Refactor overline function for sf objects #273

Robinlovelace · 2018-10-27T18:50:35Z

Currently overline.sf() simply wraps overline.sp(). It converts the sf object into a Spatial object before running overline.sp(), then converts it back into an sf object. This is inefficient. Furthermore there are issues with the overline.Spatial() function, e.g. as outlined in #181 and #111.

There is probably a need for aggregation via routing software such as dodgr but I think an sf-based overline() function would be useful as a number of people use it and often you have routes recorded as spatial lines. So this issue is probably overdue.

The text was updated successfully, but these errors were encountered:

Robinlovelace · 2018-10-27T18:51:12Z

The transport ‘flow’ on any particular segment of the transport networks
is the aggregate (sum) of trips that pass through it.
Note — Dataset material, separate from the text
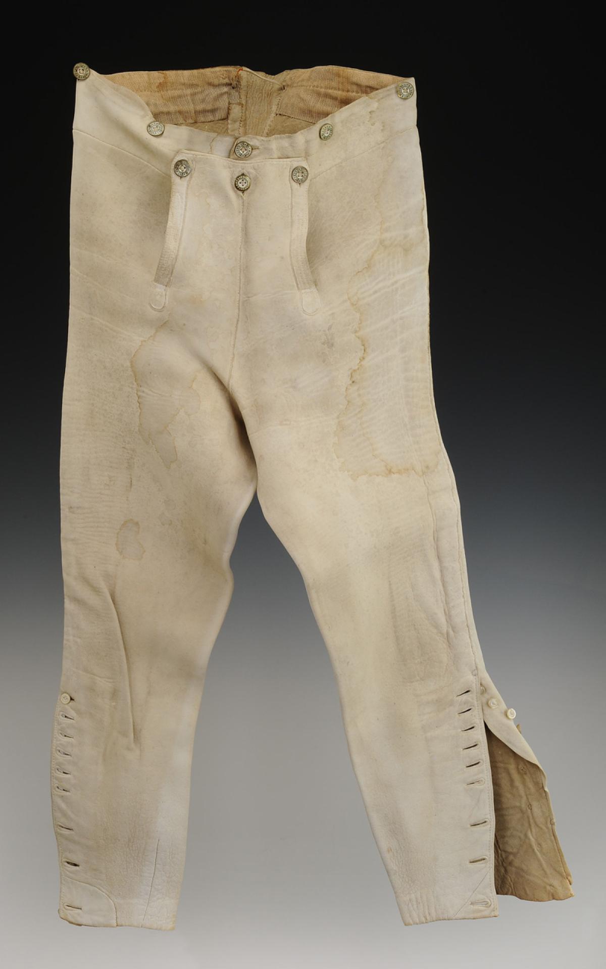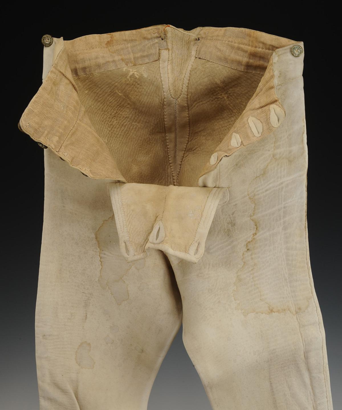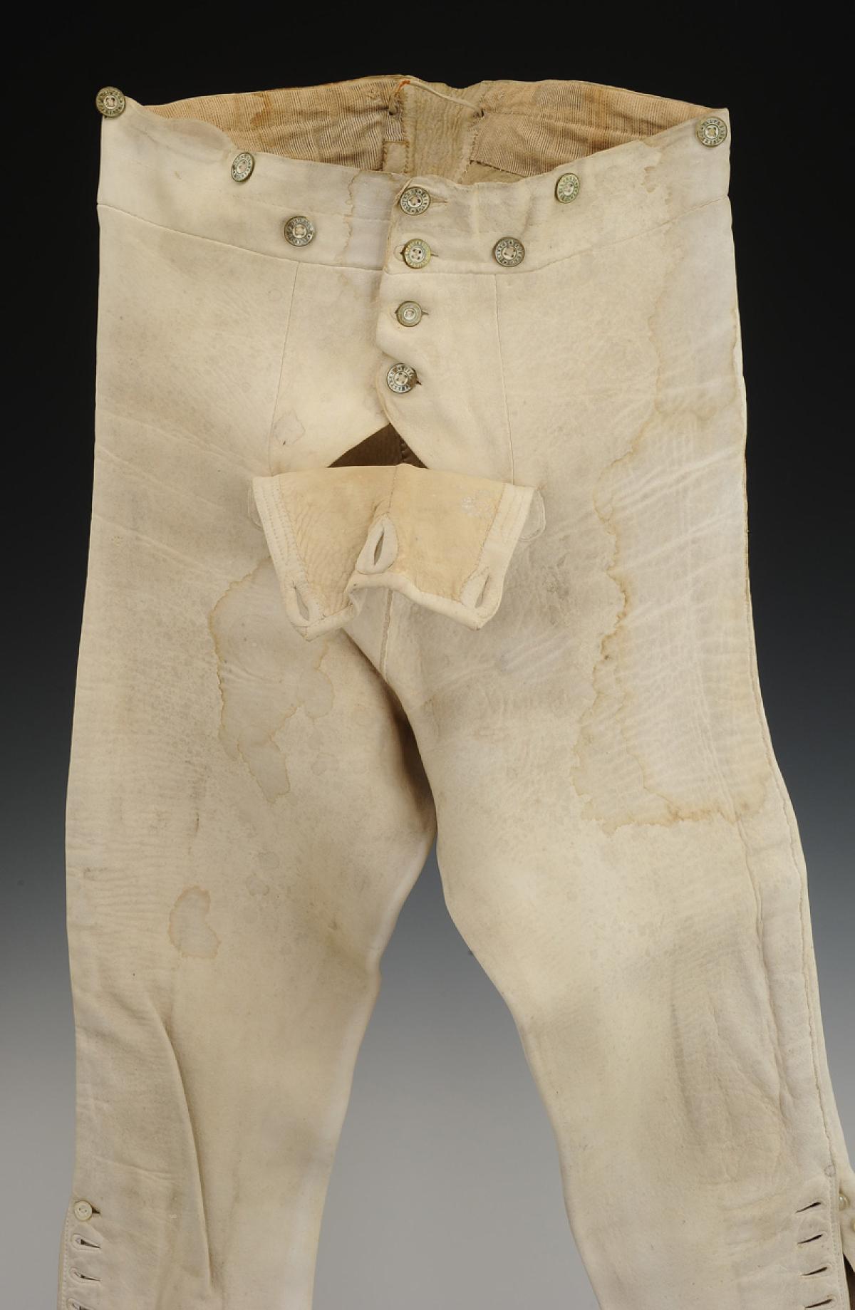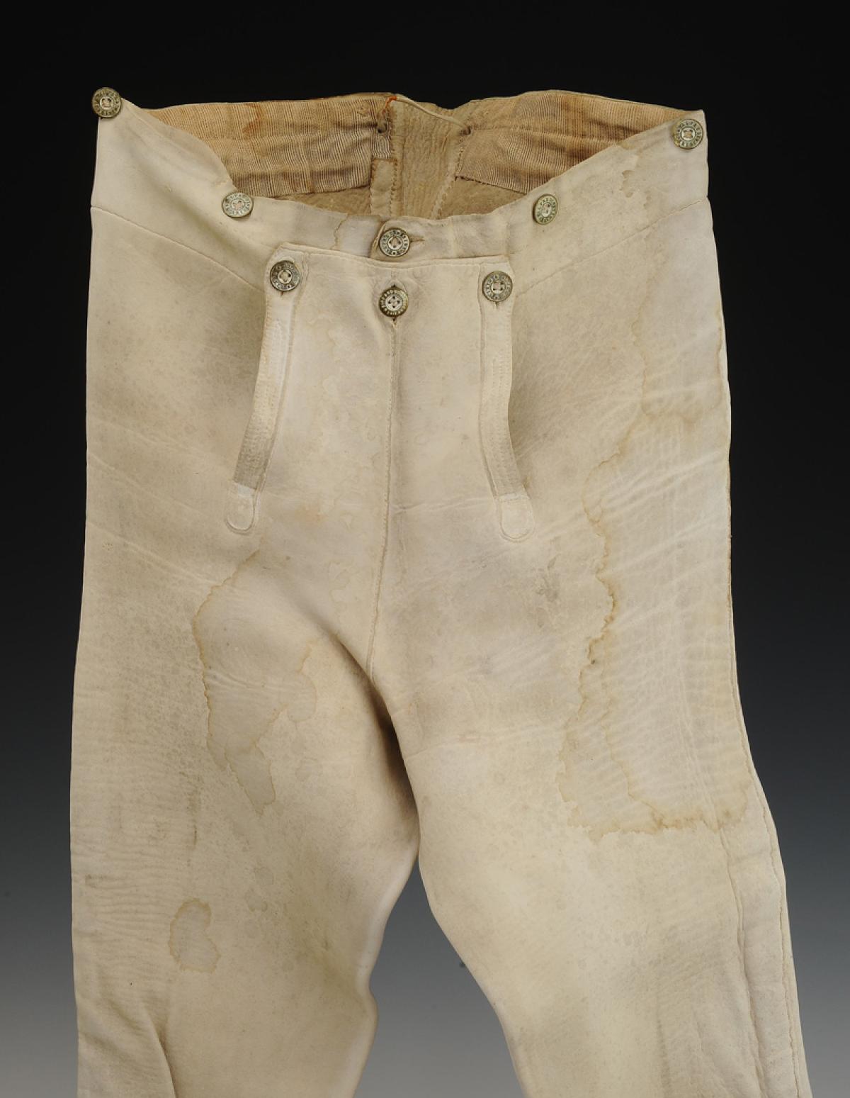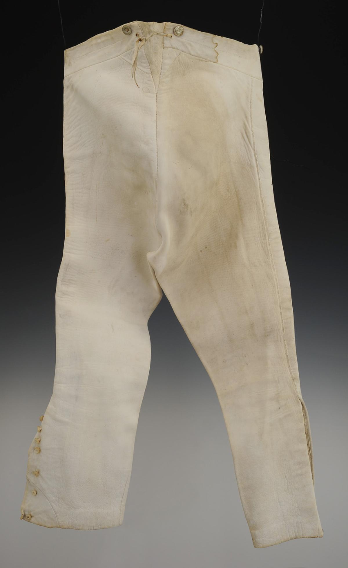 Culotte en veau blanchi, garnie à la ceinture de boutons en laiton marqués « ALFRED PARIS ». Quatre boutons permettent le boutonnage de la braguette, trois pour le pont (dont un commun avec ceux de la braguette), six pour les bretelles.

Finding the flow
across a transport network based on input data composed of individual
routes, is therefore an aggregation problem. It requires a more complex
solution than that provided by the aggregate() function in the base R
package stats, however, because the geometry of the output
LINESTRINGs will be fundamentally different than the input
LINESTRINGS of the routes: a route network is composed of many small
way segments, but a route is a single long LINESTRING.

Creating such a route network, with aggregated values per segment, is
the problem that the overline() function in stplanr was designed
to solve. Rather that starting from scratch and writing a geographic
algorithm from the ground-up, we will start by exploring solutions
provided by existing packages, notably sf, which provides an
interface to the GEOS library.

Let’s start simple, with just 2 lines, which have an associated amount
of flow (with illustrative values of 2 and 5 in this case):

library(stplanr)
routes_fast_sf$value = 1
sl = routes_fast_sf[2:3, ]
sl$value = c(2, 5)

These lines clearly have a decent amount of overlap, which can be
extracted using the function st_intersection():

sl_intersection = sf::st_intersection(sl[1, ], sl[2, ])
#> although coordinates are longitude/latitude, st_intersection assumes that they are planar
plot(sl$geometry, lwd = 9, col = sf::sf.colors(2, alpha = 0.5))
plot(sl_intersection, add = TRUE)

Furthermore, we can find the aggregated value associated with this new
segment as
follows:

sl_intersection$value = sum(sl_intersection$value, sl_intersection$value.1)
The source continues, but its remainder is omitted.